16 July 2025
If you are covering ASML’s latest financial results, please find below a comment from Ben Barringer, global technology analyst at Quilter Cheviot:
“The latest results from ASML can be summed up as ‘complicated’. Investors were watching the order book very closely and on the face of it looks very positive with Q2’s orders ahead of expectations. However, what is worrying is the guidance and this has weakened somewhat with the company confirming that revenues will be weaker than expected for Q3. This is all having a significant impact on its growth, with 2025 expected to come in at 15%, but it currently cannot confirm if 2026 is going to be a growth year or not – not an ideal place to be.
“ASML cites the macroeconomic environment and tariffs having an impact on the orders.

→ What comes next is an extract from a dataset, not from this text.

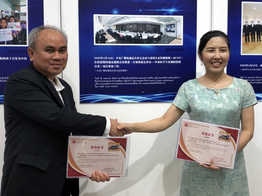 ทั้งนี้ มีองค์กรสื่อและหน่วยงานต่างๆส่งภาพถ่ายเพื่อเข้าร่วมกิจกรรมฉลอง 45 ปี ความสัมพันธ์ทางการทูตระหว่างไทย-จีน จำนวนกว่า 600 ภาพ คณะกรรมการได้คัดเลือกเหลือ 45 ภาพ เพื่อนำมาจัดแสดงในงานนิทรรศการ และหนึ่งใน 45 ภาพนั้น เป็นภาพถ่ายการประชุมร่วมกันของทีมงาน บริษัท อสมท จำกัด มหาชน กับองค์กรพันธมิตรคือ CMG ของจีน เพื่อวางแผนจัดการประชุมสดทางไกลแพทย์ไทย-จีน ถอดรหัสแก้ไขวิกฤตโควิด-19 เมื่อเดือนเมษายนที่ผ่านมา ซึ่งการประชุมด้วยระบบ Zoom Conference ครั้งนั้น มีการถ่ายทอดสดทั้งทางสถานี MCOT HD ช่อง 30 ของ อสมท และส่งสัญญาณไปยังประเทศจีนทางสื่อของ CMG ด้วย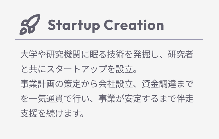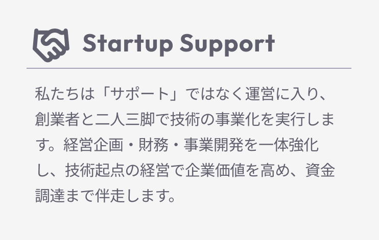 2024年10月よりフリーランスとして独立。研究シーズの事業化・社会還元に関わることを軸とし、スタートアップの経営企画・管理業務支援や研究所の外部連携制度構築支援など、研究開発型組織のコーポレート業務を手がける。

More specifically, it is more likely uncertainty from China, memory capex uncertainty and the struggles at Intel and Samsung that are more likely to be hampering things. It is also crucial to watch what TSMC is doing – ASML’s biggest customer. TSMC is transitioning to a new style of 3D product and for now ASML’s products are not as in demand as they likely will be in a year or two. As a result, ASML is focusing on productivity and deriving value from that.
“Ultimately, this is a speed bump for what remains a high-quality company. It still has a big backlog so growth should still pull through, but uncertainty is no doubt abound. For a European tech business ASML is one of the best out there, but for investors looking to gain AI exposure, there are better players out there in the US and Asia. For now, semiconductor capital equipment is not the best way to play AI.”